McKinsey’s 2025 AI survey confirms this pattern: organizations reporting “significant” financial returns are twice as likely to have redesigned end-to-end workflows before selecting modeling techniques.
Learning a New Language
AI is forcing organizations to learn a new language—and it’s crucial that this becomes a single, common language understood by both business and technology stakeholders, not separate dialects that breed misunderstanding.
Terms like “agent,” “autonomous,” “learning,” and “hallucination” require precise, shared definitions. When IT describes an AI system as “autonomous,” they typically mean it operates without manual intervention within predefined parameters. When business leaders hear “autonomous,” they often envision systems that can make independent strategic decisions—a fundamental misalignment that leads to mid-project conflicts.
Organizations succeeding with AI invest heavily in shared vocabulary development, creating glossaries that define terms from both technical and business perspectives, then training all stakeholders in these definitions before projects begin.
Key Recommendations
Based on enterprise experiences and current failure rate data, organizations should:
- Establish hybrid teams before starting projects — Don’t wait until problems emerge. Build cross-functional cloud/AI teams with decision authority from day one.
- Invest in business-technology translators — The critical shortage isn’t developers, it’s architects who can bridge business goals and technical reality. Prioritize hiring or developing this capability.
- Validate assumptions continuously — Don’t wait for mid-project crises. Establish checkpoints where business expectations and technical capabilities are explicitly reconciled.
- Quantify pain before proposing solutions — No AI project should begin without documented, measurable business pain and clear success metrics tied to real financial impact.
- Allocate 50-70% of resources to data readiness — Stop treating data preparation as preliminary work.

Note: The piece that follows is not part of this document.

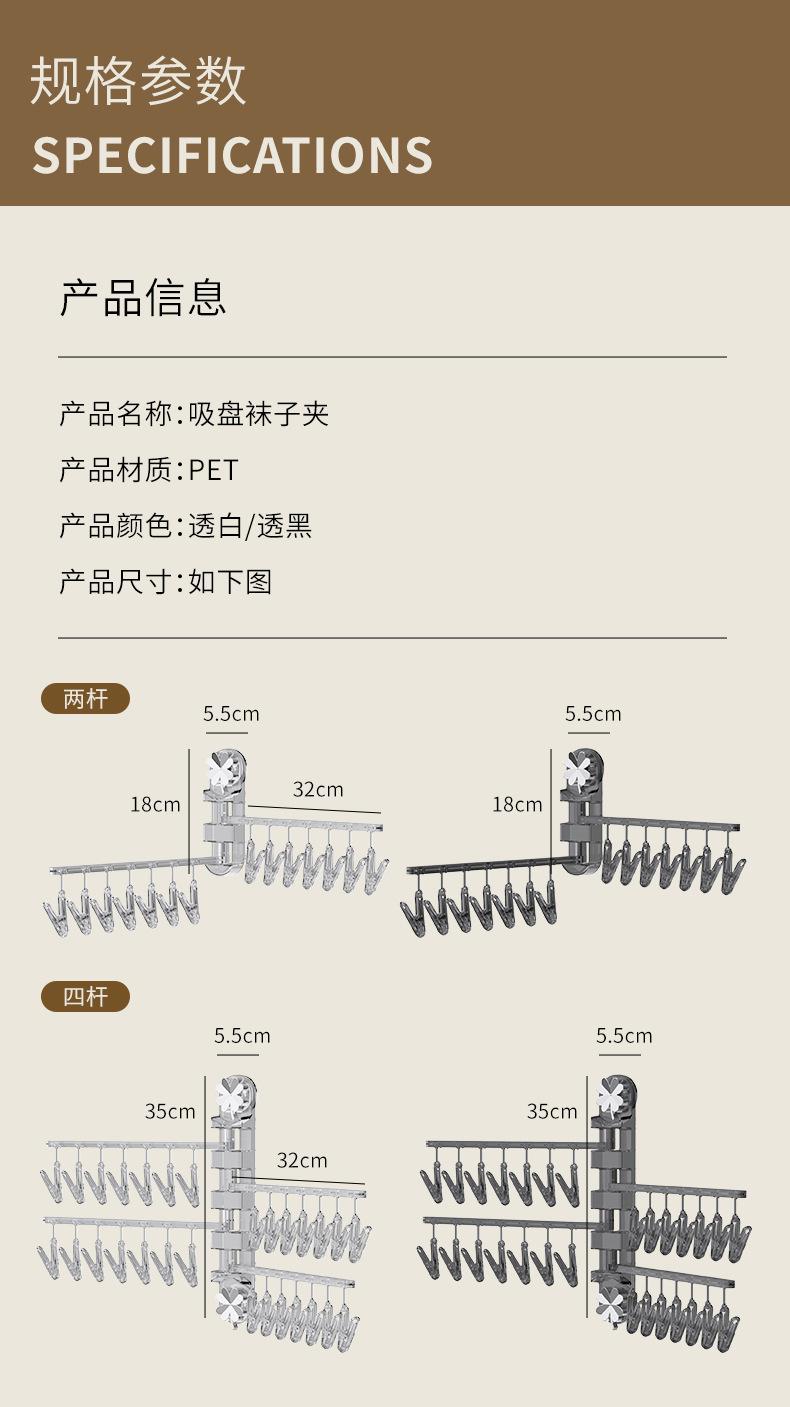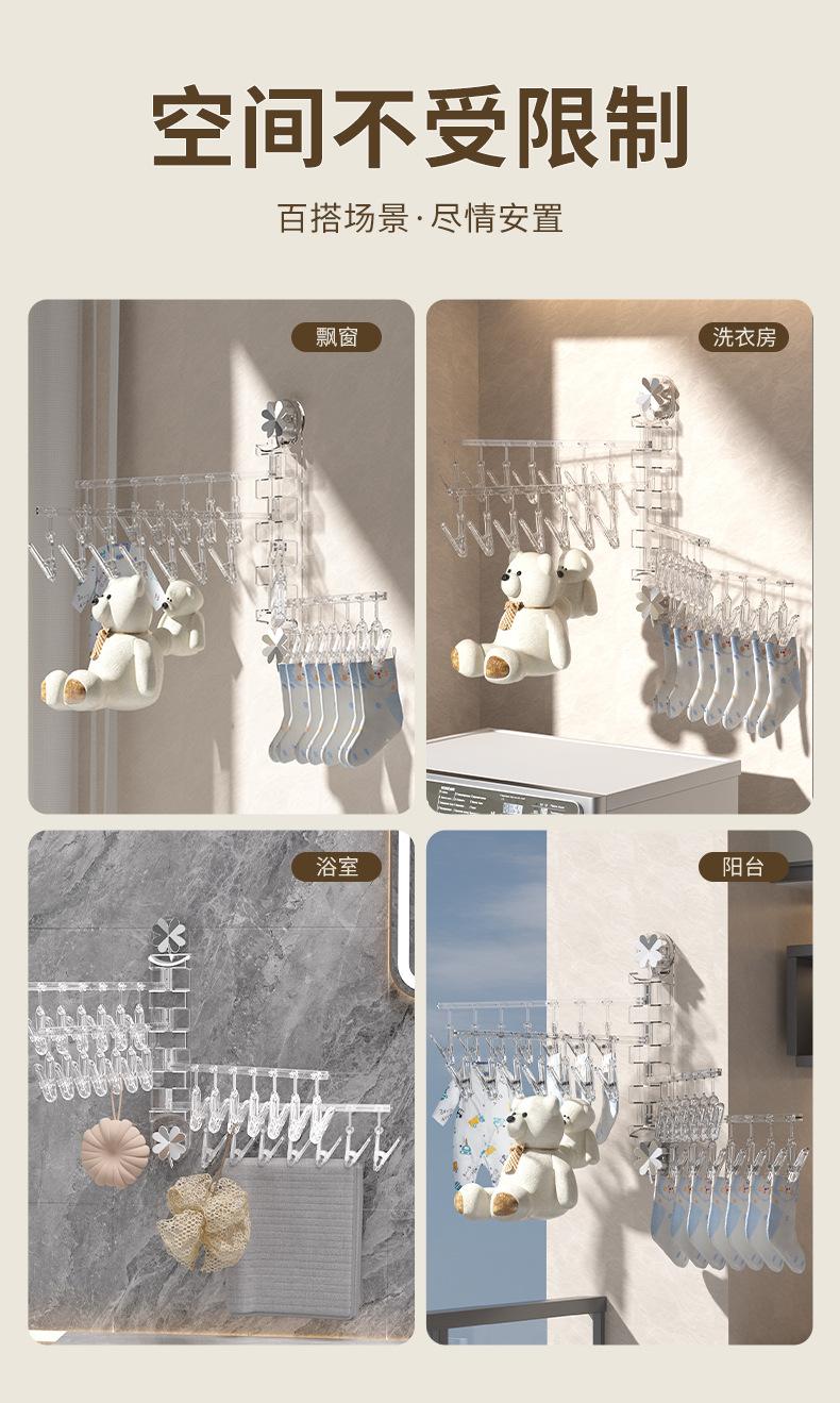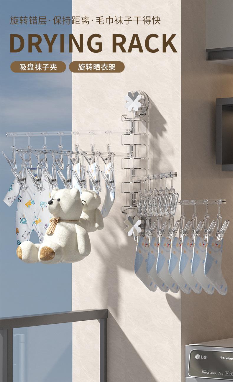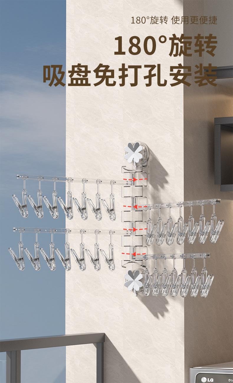 Escorredor de Ventosa Varanda Dobrável Armazenamento Sem Furos Meias Roupa Íntima Escorredor Multicabeças Cabide Doméstico com Clipe

It’s the foundation that determines whether projects succeed or fail.
- Partner strategically for specialized expertise — Internal builds succeed only 33% as often as vendor partnerships for AI projects. Recognize when external expertise accelerates success.
- Create shared vocabulary before technical work begins — Invest in defining key terms from both business and technical perspectives, then train all stakeholders in these definitions.
- Design for transparency, not just automation — Business stakeholders need to understand what AI systems are doing. Build oversight and explainability into initial designs, not as afterthoughts.
Cloud and AI will continue transforming business operations, but success requires more than technical expertise and adequate budgets. It demands a new approach to how organizations conceptualize, plan, and execute technology projects—one that prioritizes shared understanding over technical sophistication and business outcomes over technological impressiveness.
Organizations that master this translation—building teams that genuinely bridge business and technology, starting with documented pain rather than available capabilities, and investing as heavily in data and workflow integration as in models—will find themselves in the successful minority. Those that don’t will continue contributing to failure statistics that should alarm every technology and business leader.
The technology works. The question is whether organizations can create the conditions for it to succeed.